Extract a substring in R

446 views Asked by At
> ldata2[2]
    [1] "  \"pretty\": \"5:06 PM GMT on June 18, 2015\","
# Need to extract only the time information. In this case "5:06 PM GMT on June 18, 2015"
# My attempt
> time <- sub(".* :\"(.*)".*","\\1",ldata2[1])

This is the error message i get : Error: unexpected symbol in "time <- sub(".* :\"(.*)"." Help appreciated

2

There are 2 answers

1
cr1msonB1ade On BEST ANSWER

Your pattern does not match the string so nothing is replaced. Here is the correct pattern:

sub(".*: \"(.*)\".*","\\1",ldata[2])
1
Pierre L On
library(stringr)
str_match(x, ': \\"(.*)\\"')[2]
#[1] "5:06 PM GMT on June 18, 2015"

cat was used as reference in creating the regex pattern.
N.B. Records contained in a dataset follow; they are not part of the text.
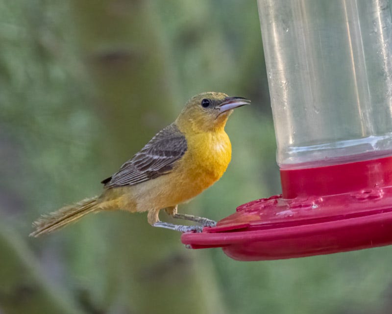 Here is the female Hooded Oriole. I would have liked to have taken some photos of either Oriole on a natural perch but these birds seem to fly to the feeder without perching nearby. Once they finish dining, they fly off into distant trees. I have yet to even see them perched in a nearby tree. Perhaps one day!!
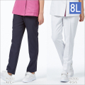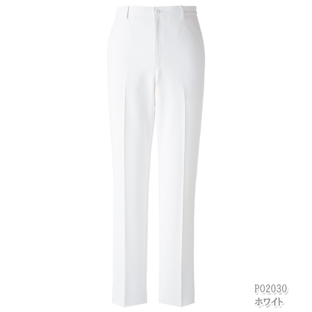 ウエストやヒップにはほどよいゆとりがあり、裾を細くすることで視覚的にほっそり見せるデザイン。
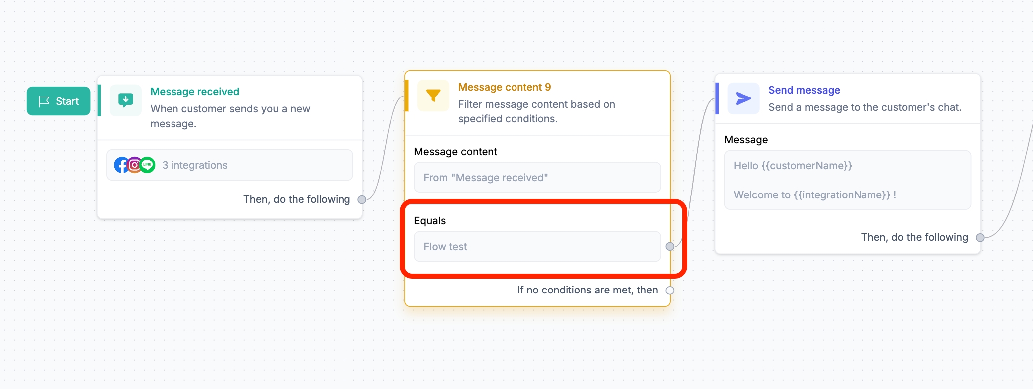 เปิดใช้งาน Flow และส่งข้อความคำหลักนั้นจากช่องทางที่เลือก
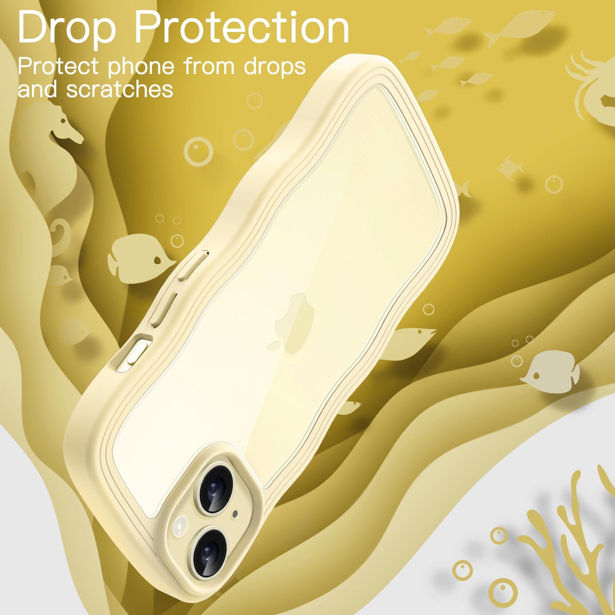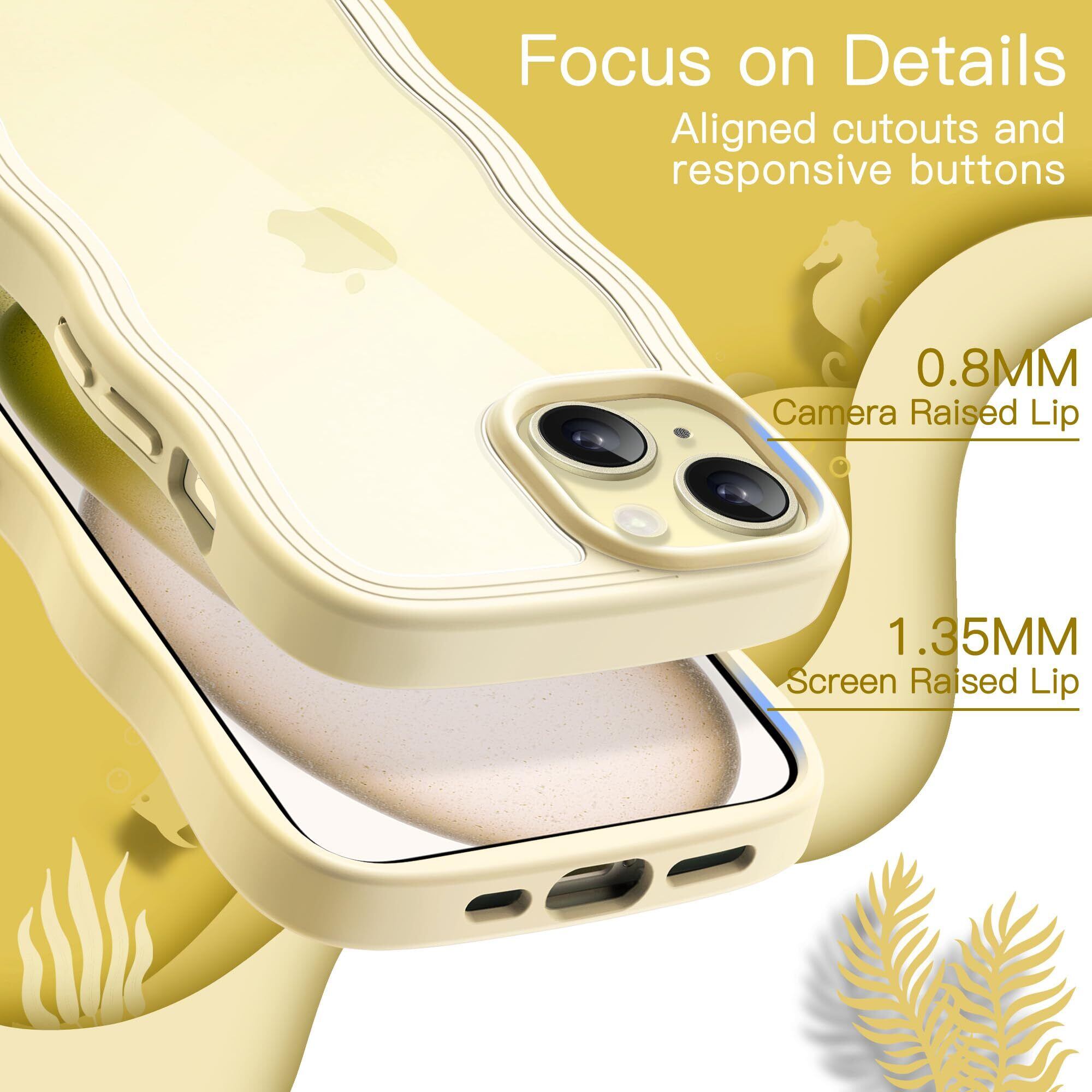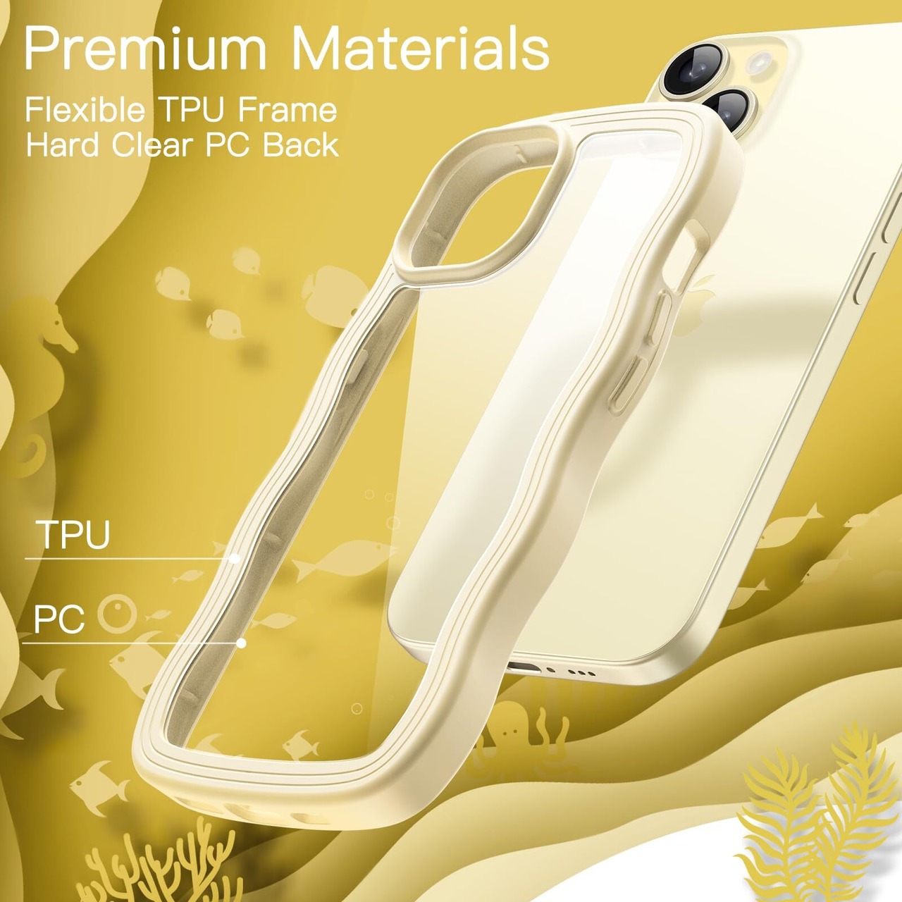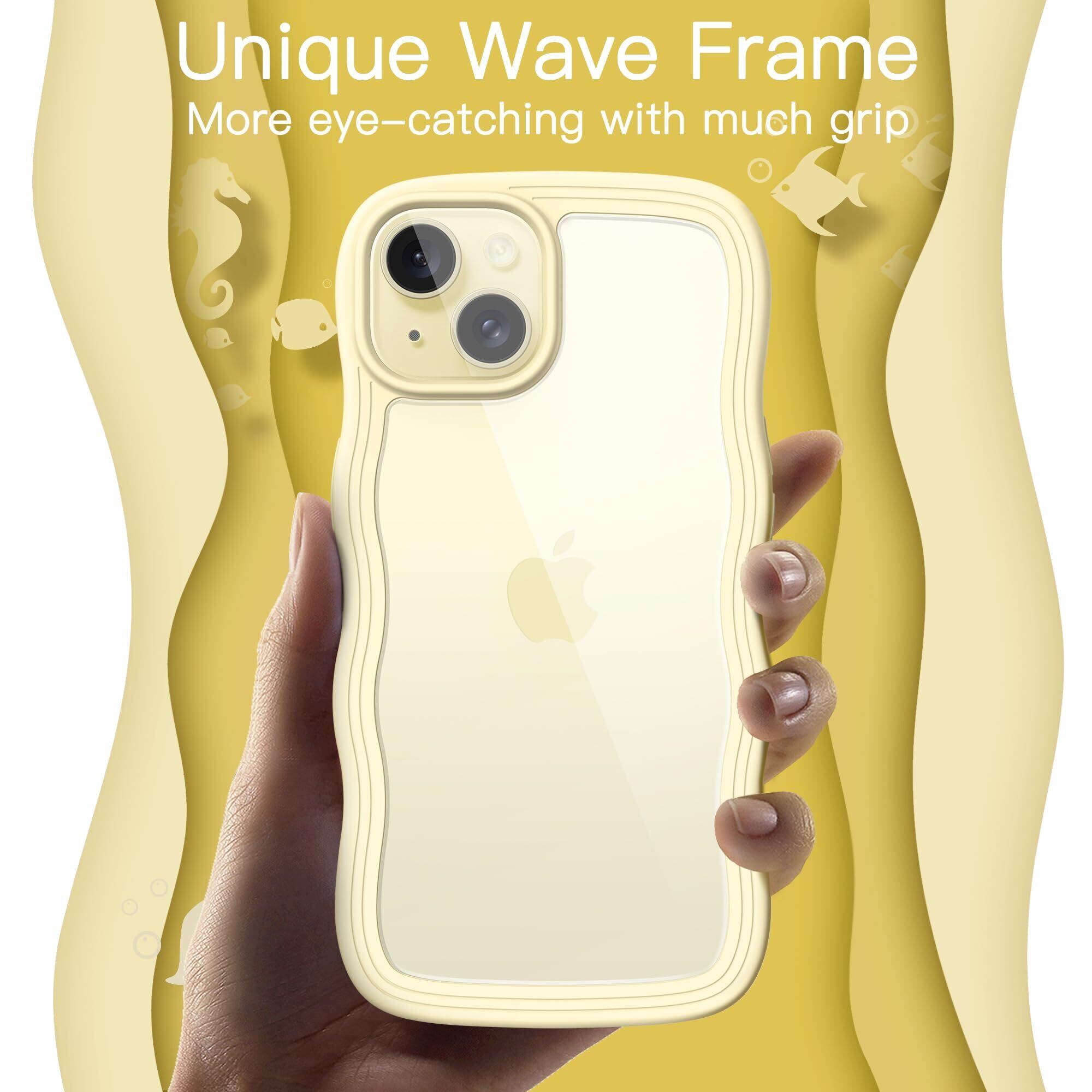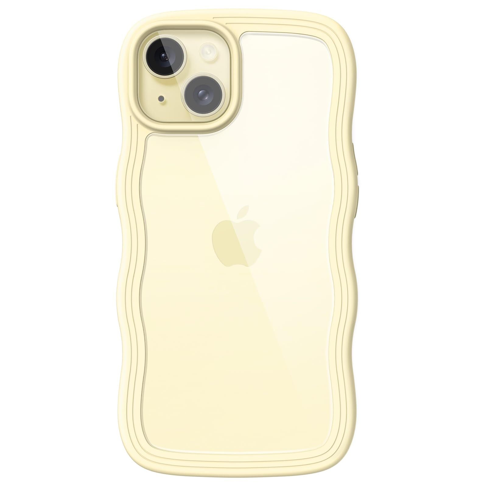 JETech iPhone 15 6.1インチ用 かわいい ケース 波状フレーム うねうね 耐衝撃 スマホカバー 女性用 女子向け クリア ハードPCバック (イエロー)

x <- "  \"pretty\": \"5:06 PM GMT on June 18, 2015\","
cat(x)
"pretty": "5:06 PM GMT on June 18, 2015",

The backslashes are gone. I don't even reference them in my regex. The pattern ': \\"(.*)\\"' starts with the colon, a space and one set of double quotes. The colon and space do not need special characters. The double quotes have special regex meaning so the set is escaped with two backslashes. Next the capture group and another escaped double quote set.

With sub:

sub('.*: \\"(.*)\\",', '\\1', x)
[1] "5:06 PM GMT on June 18, 2015"